Studying the tables above, i was able to rank the functions in order of theorectical randomness:

  • 1-Buzhashn low
  • 2-High Rand low
  • 3-Buzhash low
  • 4-Java String low
  • 5-Rand low
  • 6-HashCRC low
  • 7-Java Integer low
  • 8-Base256 low

What I intended to do next was to replace 'buzhash' in the following code with 'buzhashn','base256'...and the rest of the functions.

printf( "Buzhash low %d/%d: llps = %d, expecting %g\n",
          n_keys, table_size,
          llps( n_keys, low_entropy_src, table_size, buzhash ),
 	   expected_llps( n_keys, table_size ) );

For buzhashn and Java Integer, I was to use llps_i. However, I ran out of time in the lab and so decided to continue at home. At home, I was unable to run the code as Command Prompt said it could not recognise 'gcc' as a command. I was puzzled as this was exactly what I had used in the Lab. I tried running it using Eclipse but it did not work. I also tried using Wedit but it still does not work. Obviously all this lead to a little bit of frustration. I went online to see how to make gcc work on my cmdprmpt. One forum asked me to change soem settign in 'System'. I didn't want to risk it.

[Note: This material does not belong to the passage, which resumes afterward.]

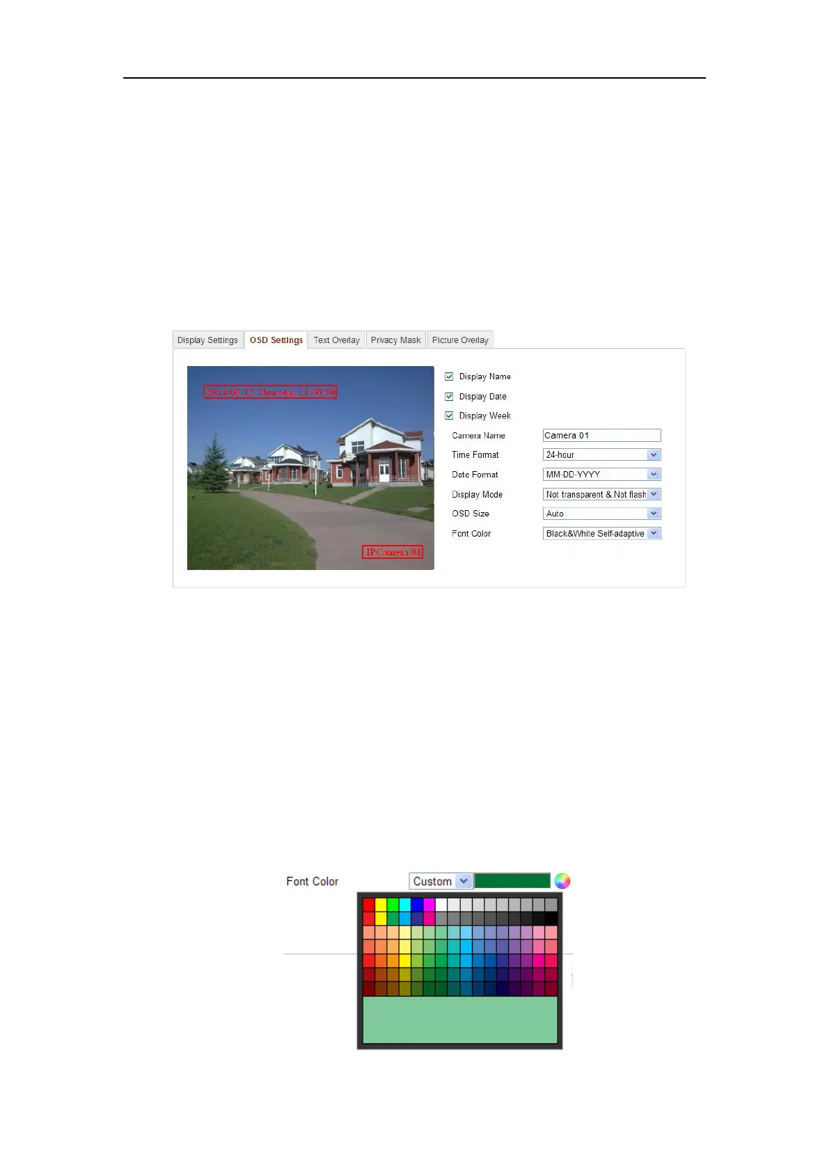 5. Define the font color of the OSD by clicking the drop-down, and black & white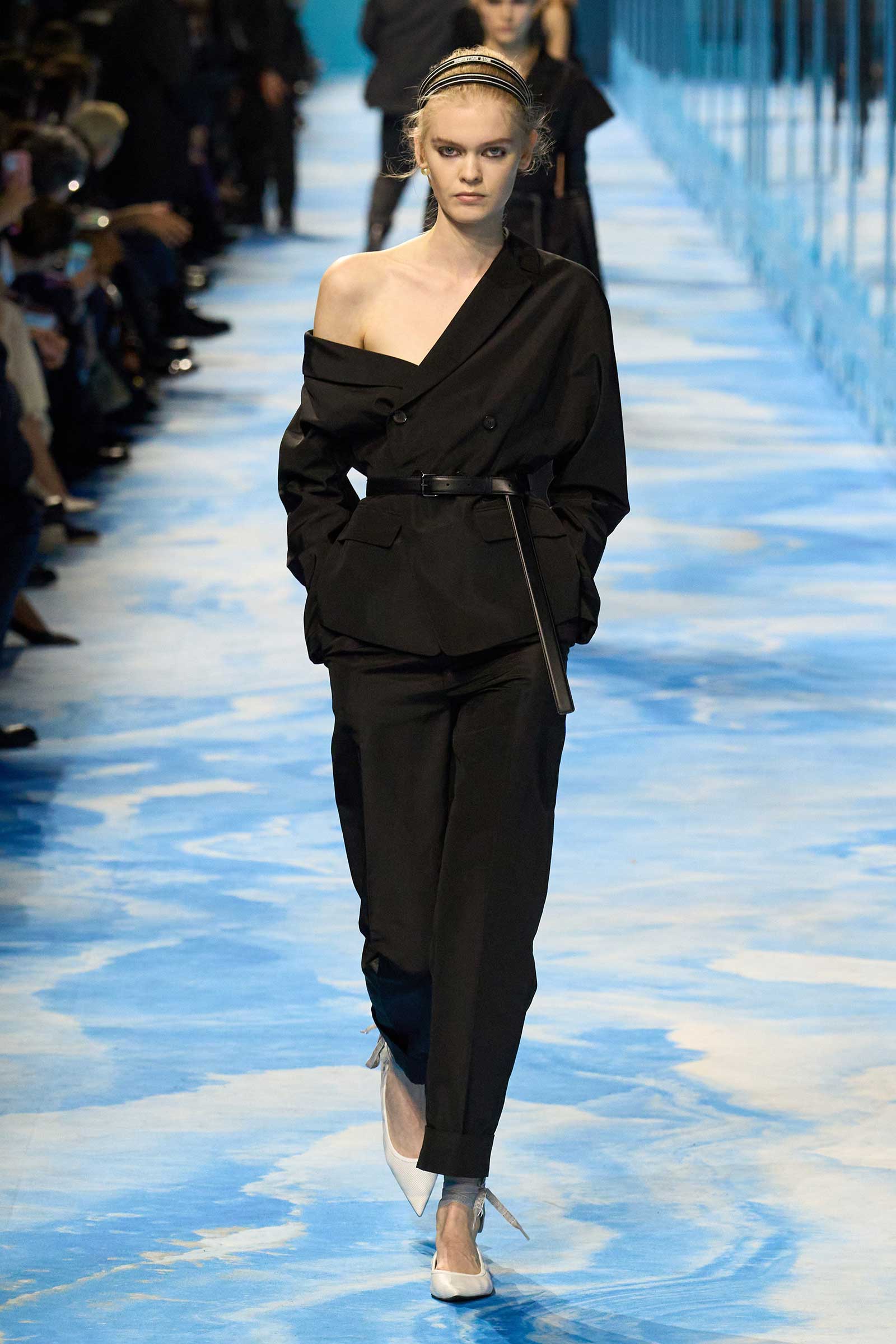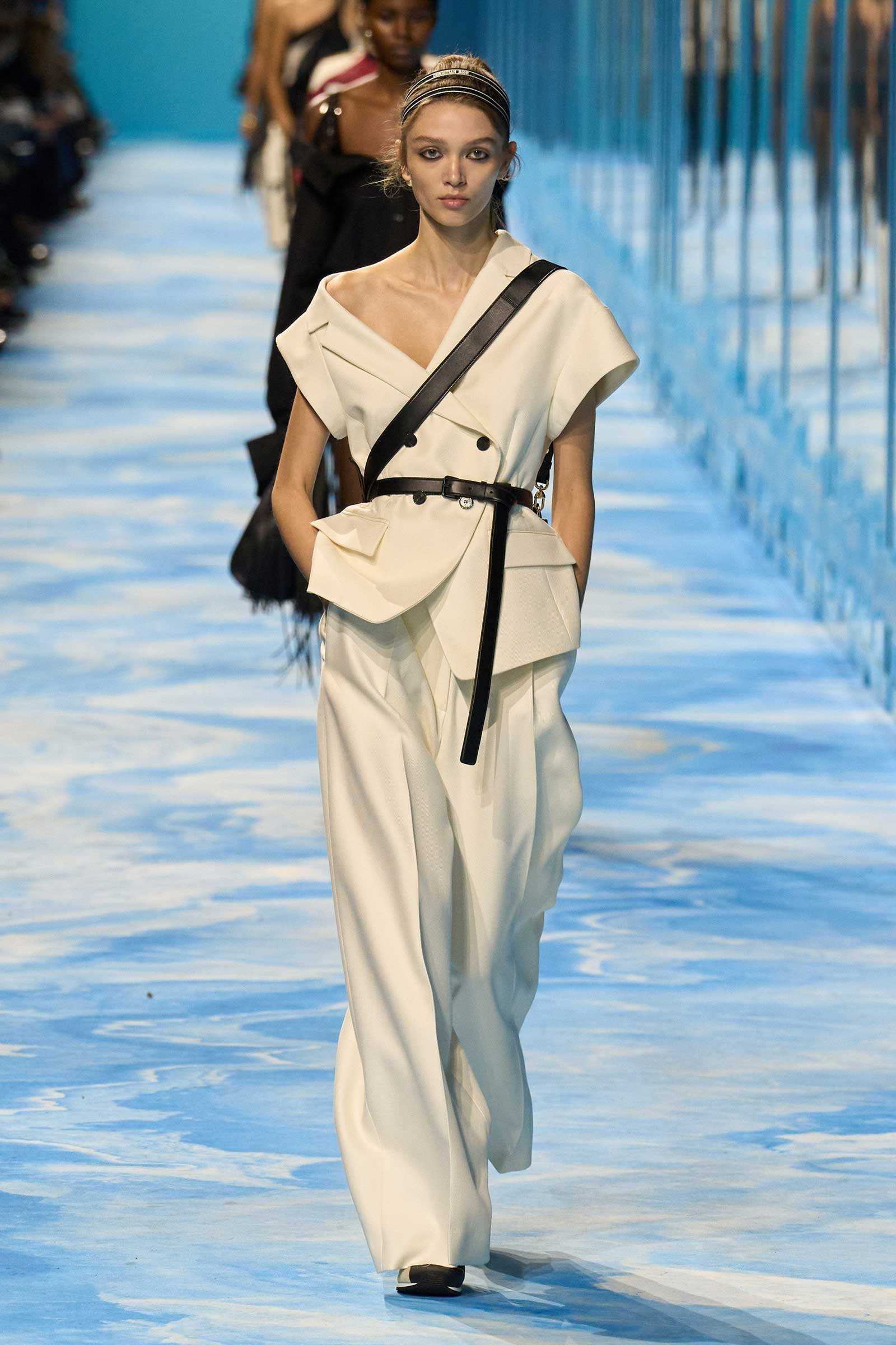 Representations of all of them were pinned to Chiuri’s moodboard in the Dior studio, along with an autumn 1951 look, with suggestions of formal riding attire, that Christian Dior dubbed the Amazone. Chiuri was making links between ancient Greece’s peplos, a simple draped garment she’s often referenced, and the house founder’s rigorous tailoring. The connective tissue was the slicing diagonal lines suggestive of movement and agility, qualities that have not often been connected with the idea of womanhood and femininity.

I found this lab much (much) simpler than the previous ones. I was actually actively occupied for the two hours without constantly wondering what I was supposed to be doing. I wanted to finish this lab as I understand how to proceed but am unable to do so as cmd prmpt, eclipse and wedit are acting cranky. And I thought computers were meant to help you study (sheesh!).